The large-scale cluster server 11 includes a plurality of Physical machines 11b (PMs) and is virtualized by the Physical machines into a plurality of virtual machines 11a (VMs) having a distributed data structure.

After the administrator defines a common fault and initializes thefault feature library 103, once themonitoring client 102 in thedata acquisition unit 10 finds abnormal monitoring data, themonitoring client 102 may upload fault information to thefault feature library 103 in thedata acquisition unit 10 through a Virtual Monitoring Network (VMN) for verification.

Firstly, reading mass data mining analysis from the

monitoring databases

111, 112, 113 to obtain data such as I/O, response time, communication rate, online rate and the like of the abnormal monitoring item, comparing the data with normal data, and calculating deviation amount according to the monitoring data. If the amount of deviation exceeds a threshold value entered from thefault recovery engine 403, a point of failure is counted;

secondly, the corresponding Globally Unique Identifier (GUID) of the fault point in the

monitoring databases

111, 112, 113 is queried, and all possible fault types are found in thefault feature library 103 through the GUID.
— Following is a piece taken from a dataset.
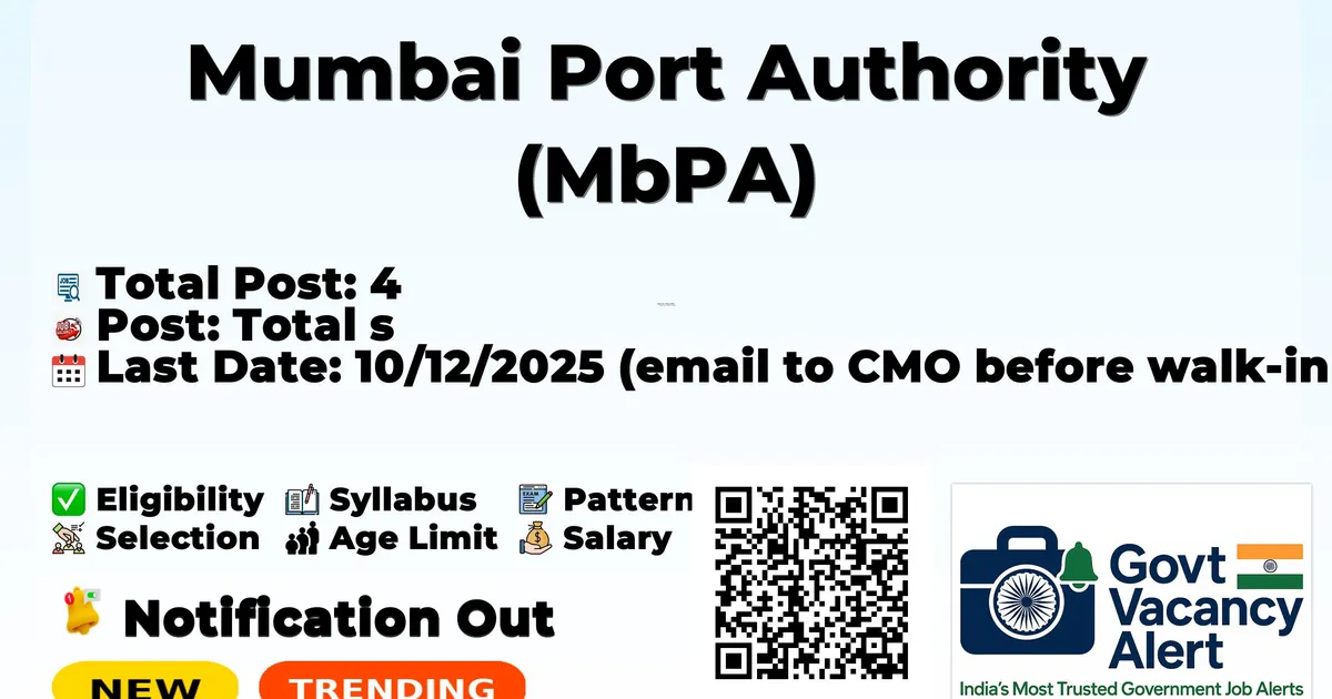 Mumbai Port Authority has released an official notification for the recruitment of 04 Medical Officer Posts. Interested and eligible candidates can apply Offline through the official Mumbai Port Authority website. The last date to submit the application form is 10-12-2025. In this article, you’ll find the Mumbai Port Authority Medical Officer Posts recruitment details, including eligibility criteria, age limit, salary structure, selection process, application steps, and direct links to the official notification and Offline application form.

Next, thefailure recovery engine 403 performs a one-by-one troubleshooting on the failure types found in the last step, where the troubleshooting is performed in an exploratory mode, such as a cloud server network interruption. Wherein possible fault types include: the method comprises the following steps of network failure of a rack where a cloud server is located, network failure of a computing node where the cloud server is located, failure of the cloud server and the like.

Next, an example of "network failure" and "disk failure" occurring in a certain node in the large-scale cluster server 11 will be described in detail.

When a "network failure" occurs, thefailure recovery engine 403 firstly pins the chassis gateway, if the network cannot be connected, it is determined that a network failure occurs in the chassis, and immediately starts a recovery measure: switching to a standby network and starting the standby network; and if the network is unobstructed, then the computing node where the Ping cloud server is located.

And if the network of the computing nodes is smooth, judging that the fault is the network fault of the cloud server, immediately copying and starting the copy of the cloud server on other computing nodes which normally operate. The fault type can be determined by checking, and the fault link can be automatically recovered. After the fault recovery task is completed, themonitoring client 102 verifies the fault processing, and if the fault processing is completed, the fault automatic recovery working process is ended.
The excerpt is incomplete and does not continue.